Anyway, Olivia brings Papa Pope a coffee, which immediately turns awkward, because he can’t figure out why she would be there unless someone is following her or she’s in serious trouble. Number of normal father-daughter relationships in Shondaland: 0. In a terrible attempt at normalcy, Rowan invites Olivia OVER FOR DINNER with Jake, who… used to work for him and kill people and oh, yeah, once he threw him in a pit for months and made him grow a horrible beard. Olivia, who is occasionally a moron, has already forgotten about this and calls Jake to ask him to come along to the Worst Dinner Party Since The Office, but Jake definitely remembers that whole thing (YOU DON’T SAY) and is like “HARD PASS.” He also says, “call me if you want me to do that thing to you again,” because Jake is so hot.

Jake is a little preoccupied though, because he has a feeling that Papa Pope arranged to have a bunch of people murdered, including the First Son, Harrison, and Barney’s fiance from HIMYM (follow that instinct, Jake), so he’s prepping Charlie for torture, because natch. Charlie wants Quinn, though, so Jake throws them both in a locked room, and wow, I am so apathetic about both Charlie and Quinn. Over it.

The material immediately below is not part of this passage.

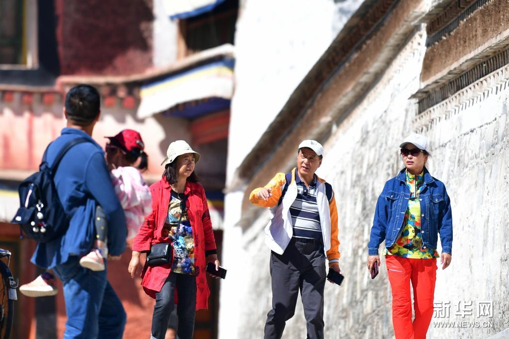 7月12日,游客在拉卜楞寺參觀。新華社記者 杜哲宇 攝

But one last thing about Quinn – the scene where both Huck and Liv basically admitted they didn’t notice Quinn had disappeared for a full day and she screamed at them and NEITHER OF THEM REACTED AT ALL was just flat out incredible.

Oh, while this is all happening – Olivia’s friend Catherine (guys, it’s Penny from Lost pretending really hard to have an American accent!), and Mellie is skipping the graveyard so she can obsess about whether a hiker pushed her boyfriend off a cliff. Fitz is drinking. So there’s those plot threads. Long story short: Mellie makes a sad little PowerPoint about how the hiker definitely didn’t do it, only to have her happy balloon promptly popped when a guy sitting in is like, “Yeah, no, we all found out he didn’t do it a WHILE ago.” Abby’s Hair, enduring a ridiculous amount of shade from Olivia’s direction, not only has Mellie’s back but tells Fitz what her name is. Again – Fitz is DRANKIN’. And mentioning Vermont again. (Jam.) Also, Catherine was banging her daughter’s boyfriend and then maybe kills her, but unfortunately we have to continue that annoying plot thread next week. Gun control bill passes. David Rosen is a hero, question mark. Blah blah blah.

But can we talk about the dinner party? Oh, please. Let’s talk about The Dinner Party. (I also would really like someone to tell me where I can buy Liv’s silk jammies but that is another question for another time.)

Let’s talk about their Michael Scott pours of wine. Let’s talk about Papa Pope making Jake tell him the food is good like Jake is a petulant child who was just forced to try quinoa. LET’S TALK ABOUT OLIVIA’S SEAFOOD LINE WHERE SHE BASICALLY SAYS JAKE CONSTANTLY ATE HER OUT ON SEX ISLAND AND SHE SAYS THIS IN FRONT OF HER FATHER, A TRAINED KILLER. Bitch, sometimes I WANT you to go make jam in Vermont because you DUMB and you probably wouldn’t get into any trouble doing that. Things get really boring really fast when Jake confronts Rowan about all his murdering, even though he does tell him to shut his “stubborn, old man mouth,” which is pretty funny. Rowan always has a killer monologue tucked up his sleeve, though. Always a pleasure.